As Stephan walked past me in the courtroom, I asked him why he had made the sudden confession. He told me he was distraught at what had happened and felt the prosecutor and the world wanted him as a scapegoat, so he obliged. He said he had nothing to do with what happened in Jonestown. After my story on that conversation was reported by the Caribbean News Agency, Stephan's attorney, Rex McKay, subpoenaed me to testify when the trial resumed the next day. I did. Stephan was eventually acquitted. The Jonestown website carries a long excerpt from a book he was said to be writing.
QUESTIONS REMAIN
Stephan Jones may be able to explain a lot about the workings of his father's bizarre utopian dream, but other questions that have persisted a quarter-century are likely to remain.
• Who killed Jim Jones? The initial speculation was that he committed suicide, but the pistol that is believed to have been used to shoot him was found at least a dozen feet from his body.
• Why were Jones and his young female secretaries the only ones shot, while even his wife died by poisoning?

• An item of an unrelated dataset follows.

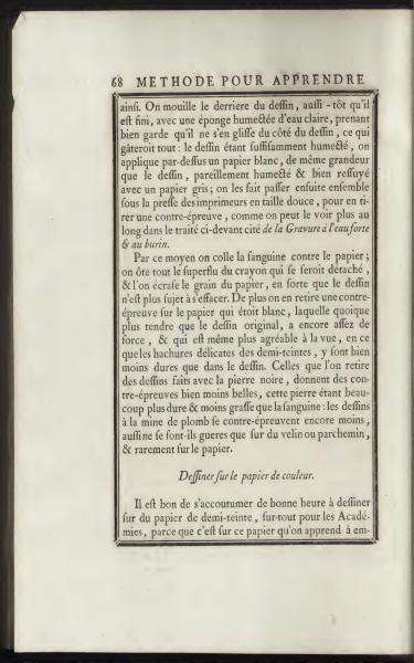 Thus, you moisten the back of the drawing as soon as it is finished, with a sponge moistened with clear water, being careful not to let any slip onto the front of the drawing, which would ruin everything: once the drawing is sufficiently moistened, a white paper of the same size is laid on top, also moistened and well pressed with a gray paper; they are then passed together under the engravers' press for intaglio printing, to produce a counter-proof, as can be read at length in the aforementioned treaties on Etching and Engraving.

• Is there any truth in still-persistent speculation that the CIA engineered the destruction of the commune because Jones was, in the final days, having his followers learn Russian for a possible migration to the then-Soviet Union? That theory is strengthened by the fact that Jones had dispatched two aides with a suitcase containing a half-million dollars to the Soviet embassy in Georgetown with a note of fraternal greetings. The money never reached the embassy because the two couriers were apprehended by the Guyanese authorities while still in the jungle.
• Was the destruction of the commune Jones' final act of madness enforced by his armed bodyguards, or was it the result of a decision by his followers, probably drugged, to ''cross over'' from this life to another? It is difficult to conceive of any kind of coercion that would have made mothers squirt poison on the tongues of their babies.
I still don't know what Jones meant by it, but I remember well the motto carved on the front of the Temple building, words from George Santayana's 1905 work, Life of Reason, Reason in Common Sense: ``Those who cannot remember the past are condemned to repeat it.''
Guyana's then-ruling Peoples National Congress benefited from having Jones and his followers in the country, not only politically, such as having them joining street rallies for the party, but also for an international goal. Guyana has a century-old border dispute with Venezuela, its giant neighbor to the west, which claims the entire Essequibo region or two-thirds of the country's 83,000 square miles, the area richest in natural resources.
Jones was widely believed to have been given permission to build his commune in the northwest region as a counter to any attempts at hostile action by Venezuela. Having American citizens in that area would have involved the United States in defense of its citizens.
Jones, for his part, deliberately picked the South American country as the new site for his Peoples Temple, when he relocated from San Francisco, convinced that Guyana's location made it an ideal place to be, because of the direction of the winds, to escape a nuclear holocaust.
It was not so easy for him to flee his personal demons.
Neither is it for many who came in contact with Jonestown.
Mohamed Hamaludin is an editor for The Herald's Neighbors section.